Go to the line that contains "Although the thousands" in the records below and repeat it, and each line after it, exactly through the end, omitting pictures.

Stored entries
>>

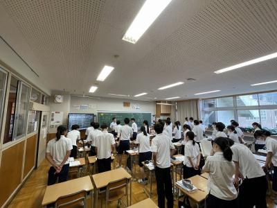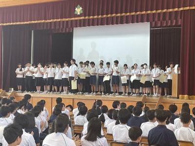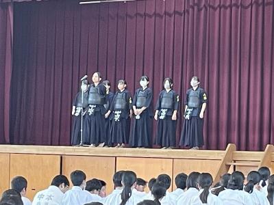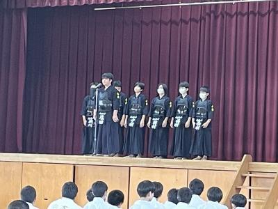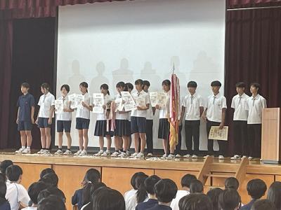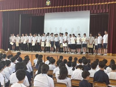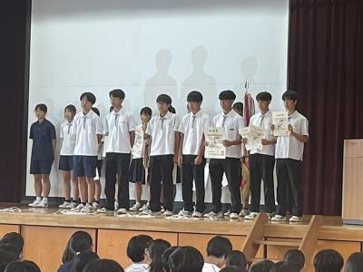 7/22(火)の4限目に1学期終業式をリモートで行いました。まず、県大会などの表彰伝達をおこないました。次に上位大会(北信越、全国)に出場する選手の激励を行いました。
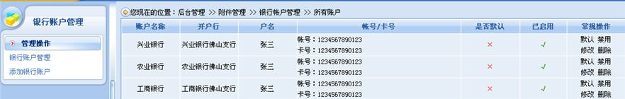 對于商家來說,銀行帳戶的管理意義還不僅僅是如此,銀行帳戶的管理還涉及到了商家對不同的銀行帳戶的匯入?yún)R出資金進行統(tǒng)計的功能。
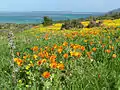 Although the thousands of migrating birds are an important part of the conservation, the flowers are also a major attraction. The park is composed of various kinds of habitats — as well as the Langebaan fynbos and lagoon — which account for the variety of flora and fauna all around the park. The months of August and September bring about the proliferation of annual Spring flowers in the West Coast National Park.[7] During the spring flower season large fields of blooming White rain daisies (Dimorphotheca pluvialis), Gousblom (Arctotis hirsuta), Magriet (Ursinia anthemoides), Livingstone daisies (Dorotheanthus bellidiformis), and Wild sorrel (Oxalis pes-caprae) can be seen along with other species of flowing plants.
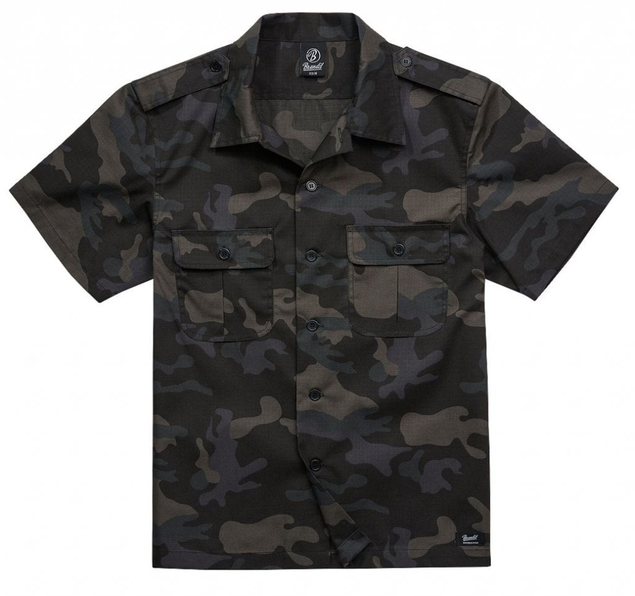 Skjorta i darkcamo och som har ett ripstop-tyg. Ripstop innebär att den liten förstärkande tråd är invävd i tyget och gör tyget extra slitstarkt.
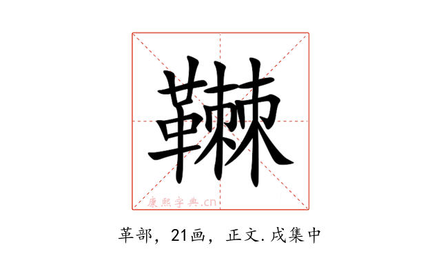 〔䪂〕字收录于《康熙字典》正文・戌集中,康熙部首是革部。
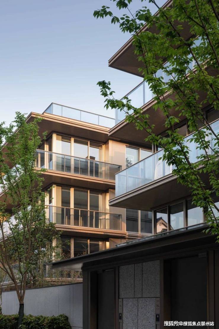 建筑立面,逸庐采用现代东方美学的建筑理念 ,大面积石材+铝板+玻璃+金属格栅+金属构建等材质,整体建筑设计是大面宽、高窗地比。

<<

▶ **SOLUTION TO THIS TASK**
 Although the thousands of migrating birds are an important part of the conservation, the flowers are also a major attraction. The park is composed of various kinds of habitats — as well as the Langebaan fynbos and lagoon — which account for the variety of flora and fauna all around the park. The months of August and September bring about the proliferation of annual Spring flowers in the West Coast National Park.[7] During the spring flower season large fields of blooming White rain daisies (Dimorphotheca pluvialis), Gousblom (Arctotis hirsuta), Magriet (Ursinia anthemoides), Livingstone daisies (Dorotheanthus bellidiformis), and Wild sorrel (Oxalis pes-caprae) can be seen along with other species of flowing plants.
 Skjorta i darkcamo och som har ett ripstop-tyg. Ripstop innebär att den liten förstärkande tråd är invävd i tyget och gör tyget extra slitstarkt.
 〔䪂〕字收录于《康熙字典》正文・戌集中,康熙部首是革部。
 建筑立面,逸庐采用现代东方美学的建筑理念 ,大面积石材+铝板+玻璃+金属格栅+金属构建等材质,整体建筑设计是大面宽、高窗地比。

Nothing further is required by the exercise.